Minnesota Court of Appeals
Jul 28, 2009
No. A08-0176 (Minn. Ct. App. Jul. 28, 2009)

Opinion

No. A08-0176.

Filed July 28, 2009.

Appeal from the District Court, Washington County, File No. K5-06-8172.

Lori Swanson, Attorney General, and Douglas H. Johnson, Washington County Attorney, Michael C. Hutchinson, Assistant County Attorney, (for respondent).

Jean M. Brandl, Cloutier Brandl, P.A., (for appellant).

Considered and decided by Toussaint, Chief Judge; Stoneburner, Judge; and Willis, Judge.

Retired judge of the Minnesota Court of Appeals, serving by appointment pursuant to Minn. Const. art. VI, § 10.


This opinion will be unpublished and may not be cited except as provided by Minn. Stat. § 480A.08, subd. 3 (2008).


UNPUBLISHED OPINION


Appellant Rilwan Olasunkanmi Alowonle challenges the denial of his petition for postconviction relief without an evidentiary hearing following his jury conviction of third-degree criminal sexual conduct. Because facts alleged in the record entitle appellant to an evidentiary hearing prior to the district court's postconviction decision, the district court abused its discretion in summarily denying appellant's postconviction petition, and we reverse and remand.

DECISION

Following a jury trial, the district court sentenced appellant to the presumptive sentence of 48 months. This court stayed appellant's direct appeal to permit him to pursue postconviction relief. After the district court denied his postconviction petition and motion for reconsideration without an evidentiary hearing, this appeal was reinstated. "We review a postconviction court's findings of fact for an abuse of discretion and questions of law de novo." Bonga v. State, 765 N.W.2d 639, 642 (Minn. 2009).

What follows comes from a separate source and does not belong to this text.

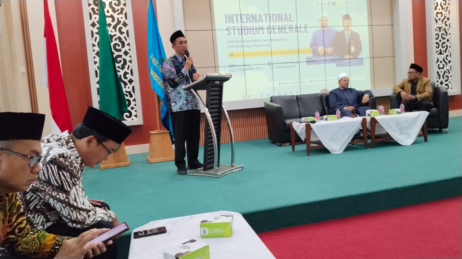 UIN Walisongo Online, Semarang – Fakultas Ushuluddin dan Humaniora (FUHUM) Universitas Islam Negeri (UIN) Walisongo Semarang sukses menyelenggarakan Internasional Stadium General bertema “Ilmu-ilmu Ushuluddin dan Tantangan Modernitas” yang bertempat di Aula Gedung Q Kampus 2 UIN Walisongo pada Rabu (03/09/2025). Acara ini dibuka secara resmi oleh Dekan Fakultas Ushuluddin dan Humaniora, Dr. Mokh. Sya’roni, M.Ag., yang menegaskan pentingnya kegiatan ini untuk memperkuat pemahaman ilmu-ilmu keislaman dalam menghadapi dinamika zaman.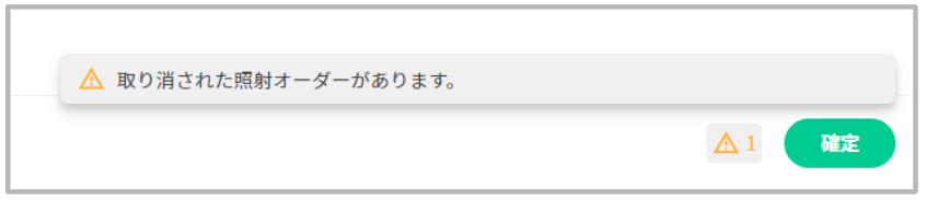 ⾃動算定された後に連携元のオーダーが取り消された場合は、「取り消された照射オーダーがあります」と警告メッセージが表⽰されます。

To warrant an evidentiary hearing on a postconviction petition, a petitioner must allege facts that, if proved, would entitle him to the requested relief. State v. Kelly, 535 N.W.2d 345, 347 (Minn. 1995); Minn. Stat. § 590.04, subd. 1 (2006). "A postconviction court is required to hold an evidentiary hearing only when there are disputed material facts that must be resolved to determine the merits of the postconviction claims." Vance v. State, 752 N.W2d 509, 512-13 (Minn. 2008). Any doubts about whether an evidentiary hearing is required should be resolved in favor of the petitioner. Patterson v. State, 670 N.W.2d 439, 441 (Minn. 2003). But allegations in a postconviction petition "must be more than argumentative assertions without factual support." Williams v. State, 764 N.W.2d 21, 27 (Minn. 2009).

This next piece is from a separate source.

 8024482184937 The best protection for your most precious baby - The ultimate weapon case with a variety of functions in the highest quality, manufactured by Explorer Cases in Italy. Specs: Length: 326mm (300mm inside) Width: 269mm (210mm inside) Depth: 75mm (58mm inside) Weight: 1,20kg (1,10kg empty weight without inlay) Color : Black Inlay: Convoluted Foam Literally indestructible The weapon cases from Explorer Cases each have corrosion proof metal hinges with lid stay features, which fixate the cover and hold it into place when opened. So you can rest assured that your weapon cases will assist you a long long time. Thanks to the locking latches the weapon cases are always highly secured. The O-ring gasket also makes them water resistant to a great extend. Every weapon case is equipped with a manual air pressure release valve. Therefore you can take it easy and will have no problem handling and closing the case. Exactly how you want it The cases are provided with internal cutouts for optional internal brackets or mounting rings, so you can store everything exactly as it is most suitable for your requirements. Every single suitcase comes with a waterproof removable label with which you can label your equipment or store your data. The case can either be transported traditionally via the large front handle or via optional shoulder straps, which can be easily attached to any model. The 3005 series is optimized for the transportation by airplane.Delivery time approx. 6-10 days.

Appellant contends that he was deprived of his right to a fair trial due to the ineffective assistance of his trial counsel. In order to prove this claim, appellant must demonstrate by a preponderance of evidence that counsel's performance fell below an objective standard of reasonableness, such that he failed to exercise the customary skills and diligence of a reasonably competent attorney and appellant was so prejudiced thereby that, but for the errors, the result of the proceeding would have been different. Dukes v. State, 621 N.W.2d 246, 252 (Minn. 2001) (quoting Strickland v. Washington, 466 U.S. 668, 687, 104 S. Ct. 2052, 2064 (1984)). "We review the totality of the evidence to determine prejudice." Williams, 764 N.W.2d at 30.

The facts appellant alleges are based on the trial record and on two affidavits: one by appellant regarding his communications with his public defender and a second by his first defense (and now appellate) counsel, outlining the facts she received from witnesses during interviews and her planned defense based on that investigation.

According to appellant's supporting affidavit, defense counsel never interviewed him about the facts of the case, did not appear to have reviewed the file or the interview notes written by his former counsel, and instructed the defense investigator who met with appellant not to conduct any investigation. Appellant further contends that defense counsel never discussed with appellant his trial plans, whether defense witnesses would be called, or whether or not appellant would testify, and never prepared appellant to testify. He claims that during the trial, when he insisted on testifying, defense counsel allegedly spent two 15-minute breaks from the trial trying to dissuade appellant from testifying and then advised him to give only "yes" and "no" answers and to not elaborate on any of his responses. Appellant alleges that defense counsel never went over the content of appellant's testimony nor prepared him in any meaningful way to testify. Defense counsel elicited on direct only appellant's denial that the assault occurred and did not elicit any positive information about appellant, his family, his marriage, or his education.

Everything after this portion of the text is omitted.